In the 1960s, the Canadian government cancelled contracts to buy uranium from Faraday Uranium Mines Limited. The company owned and operated Greyhawk Mine, and Faraday Mine, and was the largest producer of uranium in the region, at a time when uranium was Canada's largest mineral export. An industrial commission was set up to deal with the unexpected closure, and Maloney was appointed as the chairman. Maloney led Bancroft's community demands of support from the Government of Ontario and Government of Canada which included a meeting with Canadian prime minister John Diefenbaker.

Prime Minister Diefenbaker was concerned by the rising influence of a Catholic priest in a region that was traditionally dominated by Protestant Christians. The prime minister discovered and enforced a previously forgotten contract with the United Kingdom obliging the UK to buy uranium from Canada, prolonging the financial viability of Bancroft's uranium mines by eighteen months, giving the Bancroft community time to plan for new economic activities. Maloney resigned from the commission in 1972, but rejoined it in 1976 when Faraday Mine was reopening as Madawaska Mine.

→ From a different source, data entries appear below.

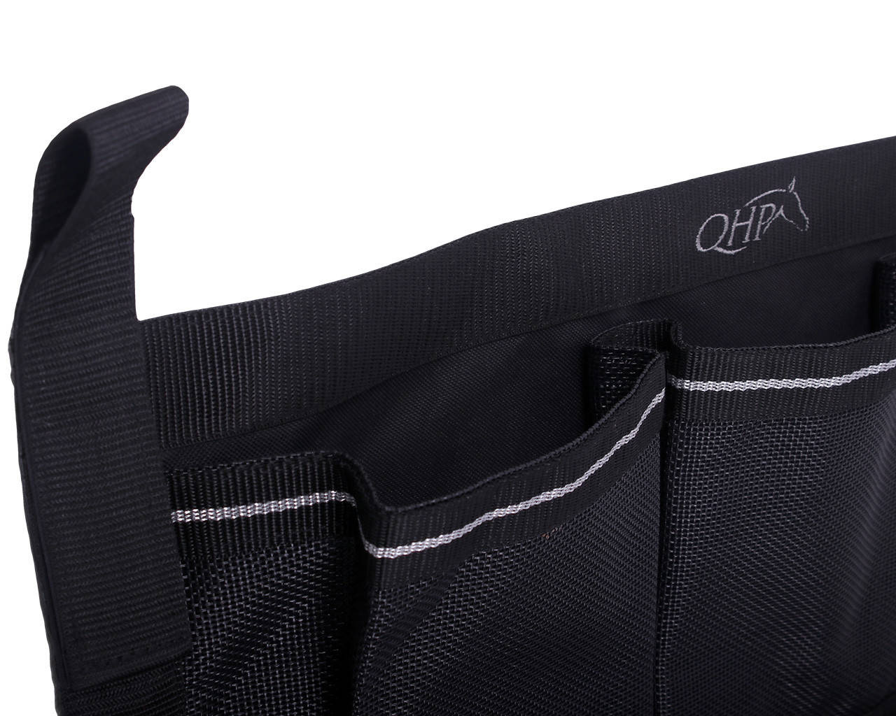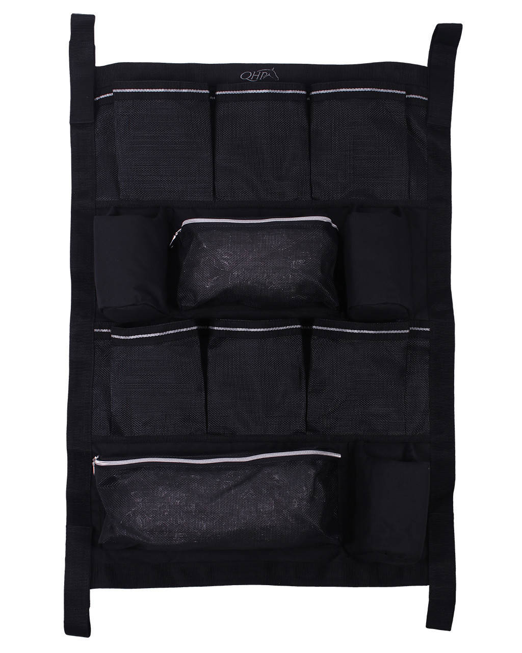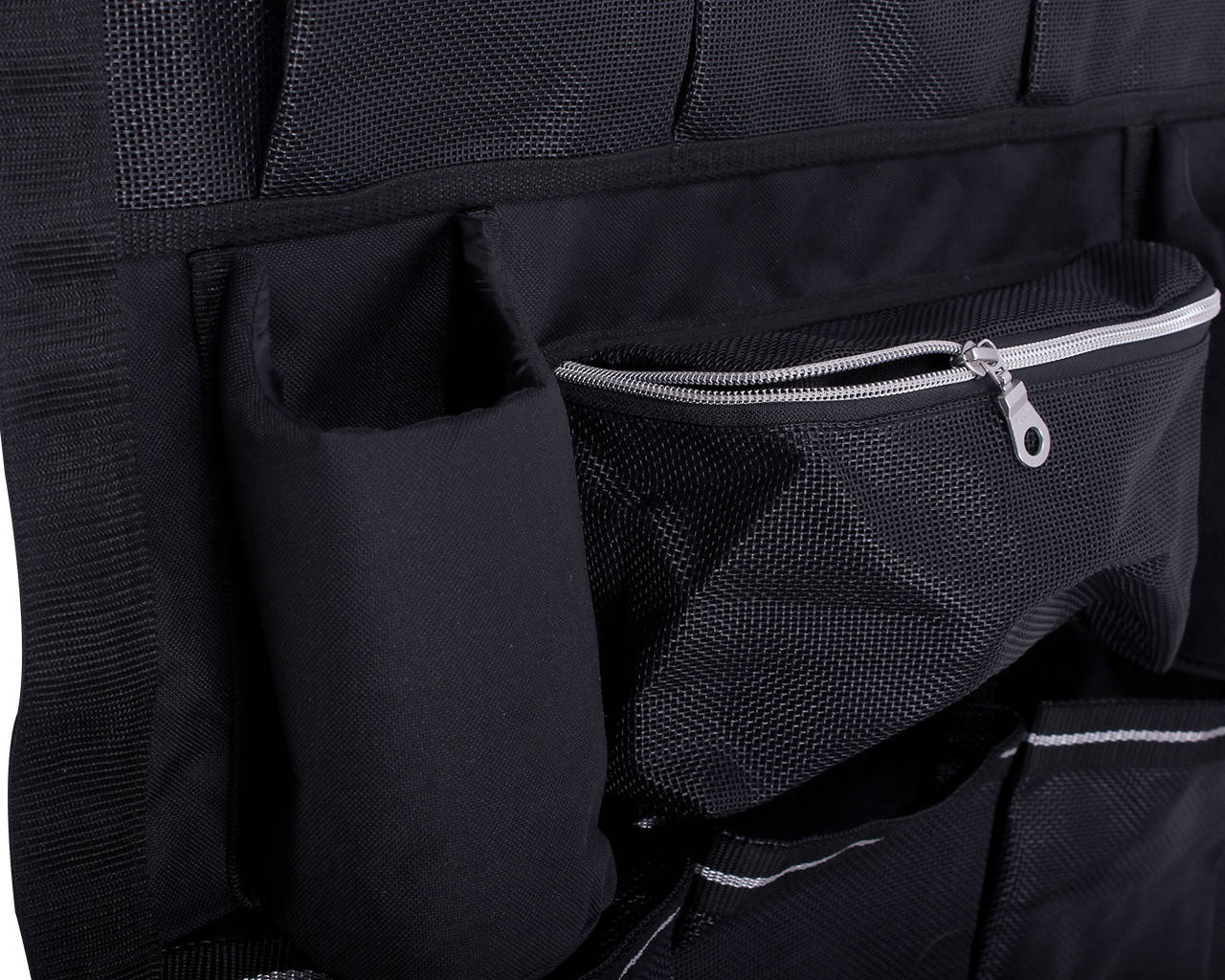 Wyposażony w sześć elastycznych kieszeni z siatki, dwie elastyczne kieszenie zapinane na suwak i trzy wzmocnione, okrągłe kieszenie.
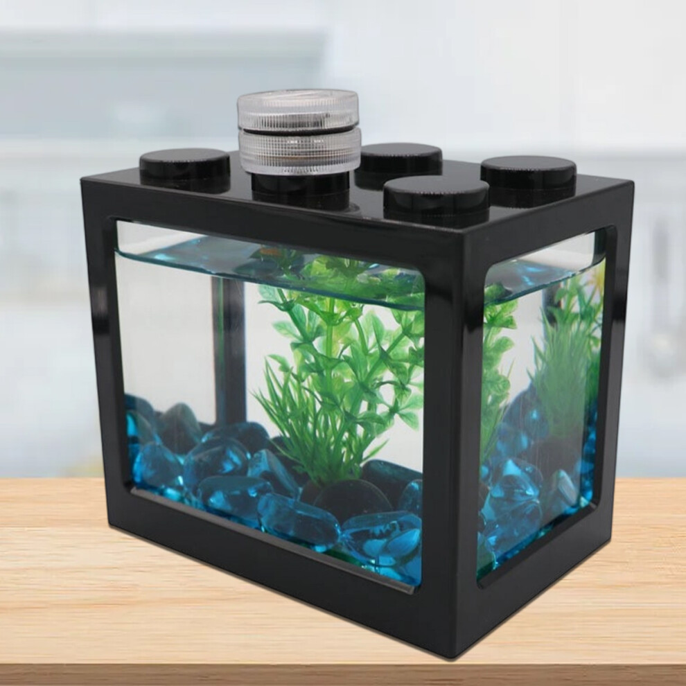 Desktop Aquarium Starter Kit, Stackable Mini Fish Tank Building Blocks Superimposed Fish Tank with LED Light, Acrylic Mini Aquarium Block Type
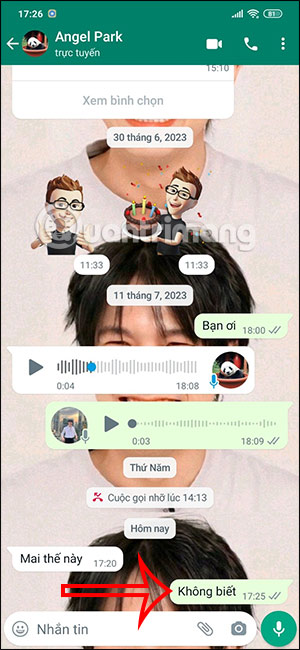 Đầu tiên chúng ta nhấn vào hội thoại tin nhắn trên WhatsApp mà bạn muốn xóa tin nhắn.
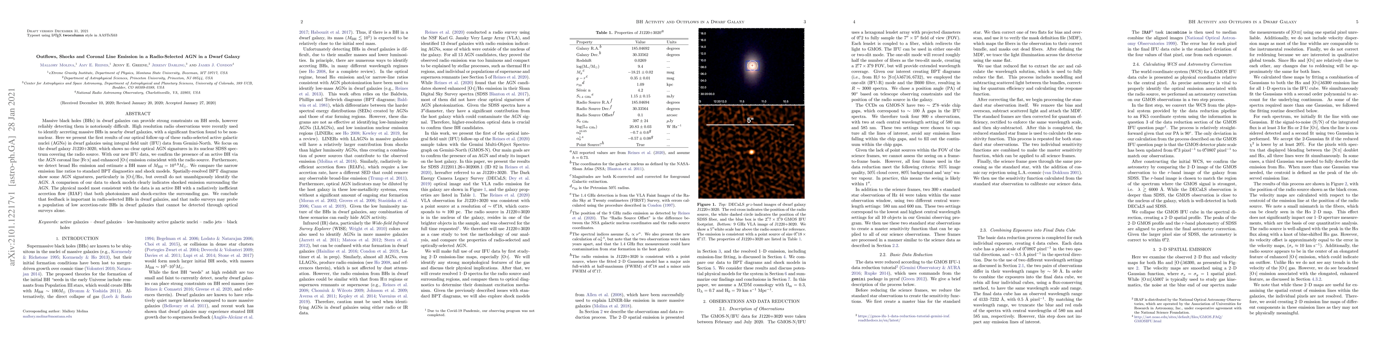 This paper identifies an active black hole in the dwarf galaxy J1220+3020 using high-resolution optical data from Gemini-North, confirming its presence via AGN coronal lines and shocked emission. The study suggests that radio surveys can reveal low accretion-rate black holes in dwarf galaxies that are otherwise undetectable through optical surveys.
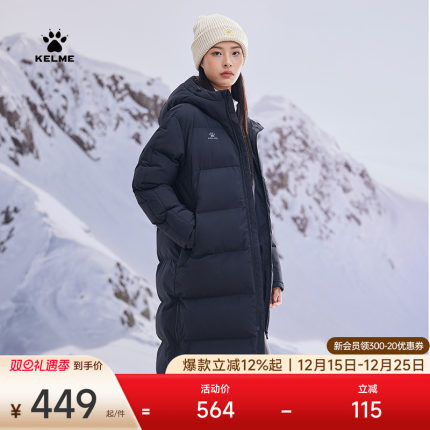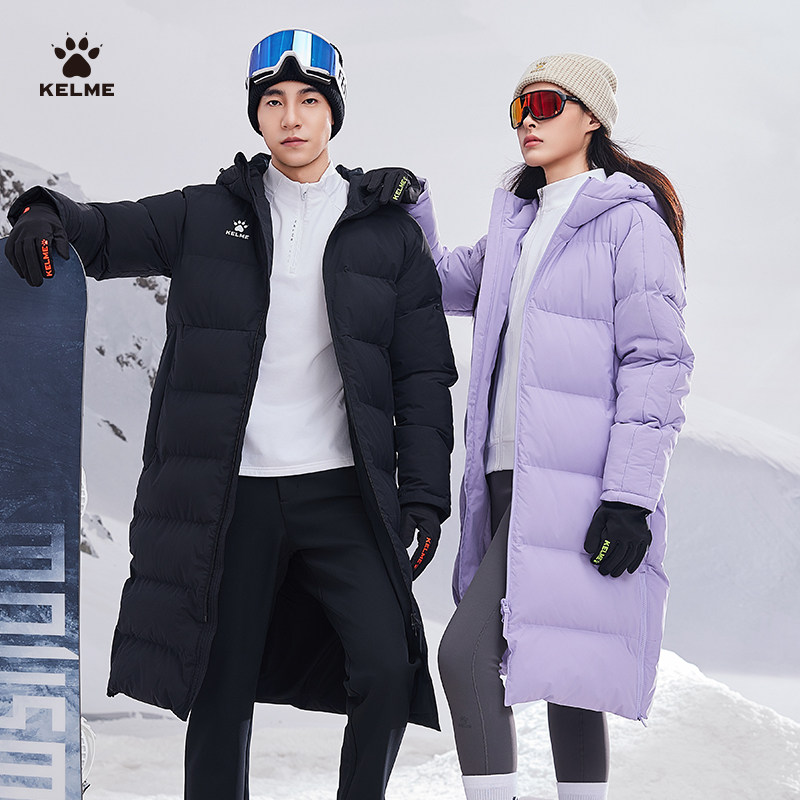 KELME卡尔美长款连帽棉服女士冬季足球训练运动棉衣保暖加厚外套
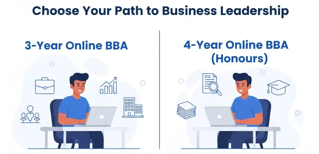 | Feature | 3-Year Online BBA | 4-Year Online BBA (Honours) |
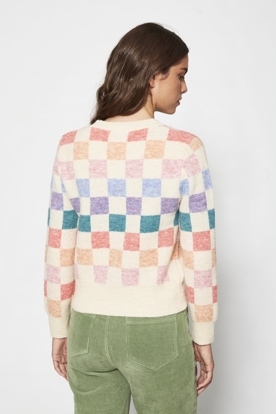 Este jersey de cuadros multicolor combina calidez y estilo con una estética alegre y refinada, perfecta para añadir un toque de color a los días más fríos.
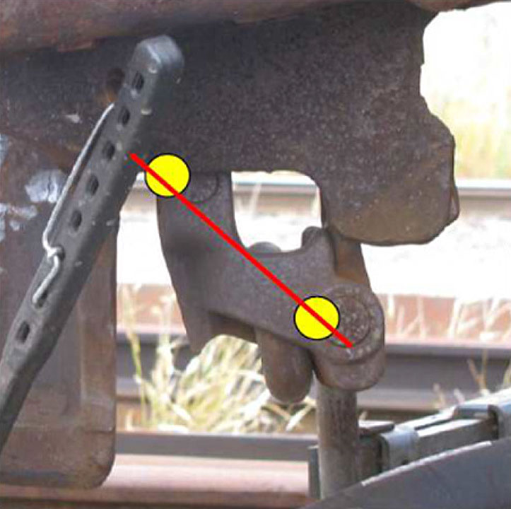 - Au cours d'une réparation antérieure de l'attelage, on avait installé un verrou à manœuvre par le haut dans le mécanisme à manœuvre par le bas. Bien qu'une telle configuration soit admissible, la synchronisation mécanique du verrou a été légèrement retardée au cours de l'attelage et, par conséquent, le verrou ne s'est pas complètement abaissé en place.
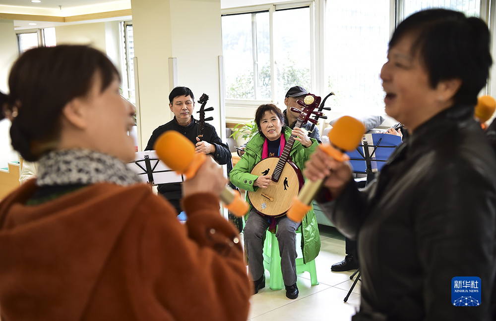 12月6日,老年人在江北区石马河街道养老服务中心进行演奏与合唱练习。新华社记者王全超摄
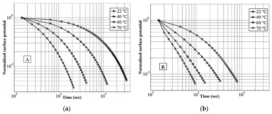 Normalized SPD characteristics obtained at different temperatures are demonstrated in Figure 4. As seen, the temperature strongly accelerates surface potentials decay (note the significant shift of the curves to the left). For silicone rubber A, the time needed for the potential to drop down to the half of its initial value is approximately 5200 s at 22 °C and it is reduced to 1750 s, 700 s and 420 s at temperatures 40 °C, 60 °C and 70 °C, respectively. For material B, the respective times are shorter—approximately 1120 s, 450 s, 290 s and 230 s. Thus, the total reduction due to the temperature rise is about 12 and 5 times for materials A and B, respectively. Based on this observation, one can conclude that the variations of the conductive properties induced by the temperature and the electric field in the bulk (which decreases with time due to the decaying surface potentials) of rubber A are more pronounced than for the material B. At the same time, the decay in material B is faster as compared to material A; this may be due the to the presence of a large amount of ATH filler.
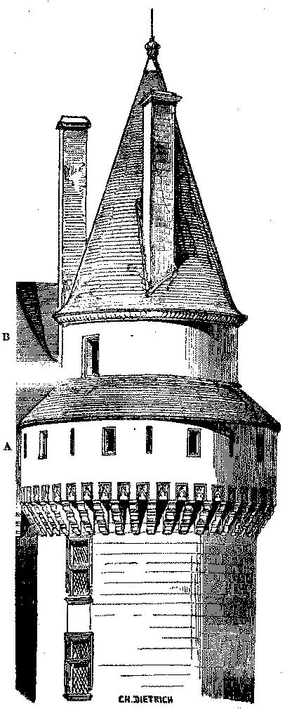 A parte cylindrica da torre eleva-se para formar um andar (B), por cima da galeria das besteiras (A), de maneira que a torre era dividida em duas partes em logar de ser coberta pelo mesmo telhado. Este systema, consistindo em estabelecer assim muitos andares de defeza pelas torres e tambem pelos muros entre os baluartes, fora adoptado desde o XIV seculo; porém mais geralmente empregado no XVI; posto que, em algumas partes, sejam vistos os dois systemas de construcções no mesmo castello.

=== Criminal allegations ===
In 2015, The Bancroft Times, and in 2016 the Canadian Broadcasting Corporation reported allegations made by former student Mike Fitzgerald that Maloney had sexually assaulted Fitzgerald in 1973 while he was 17 years old.

The Eganville Leader newspaper also reported the allegations and that the Diocese of Pembroke settled a civil compensation claim.

While Diocese of Pembroke publicly rejected these claims, the 2015 financial settlement came with terms prohibiting Fitzgerald from speaking publicly about the details. During legal negotiations, Fitzgerald 's lawyers learned that a second lawsuit alleging abuse by Maloney in the late 1940's had been filed.

== Death ==
Maloney died 7 July 1987, and was buried in St. James Cemetery, Eganville.

== Family ==

Henry Maloney had three brothers: James Anthony Maloney (the Ontario Minister of Mines from 22 December 1958 to 1 October 1961), Patrick J. Maloney and Arthur Maloney who was the Ontario ombudsman. His sisters were Margaret Goden, Mary Anthony Bonfield, Elanor and Anna Lyons, and Frances French.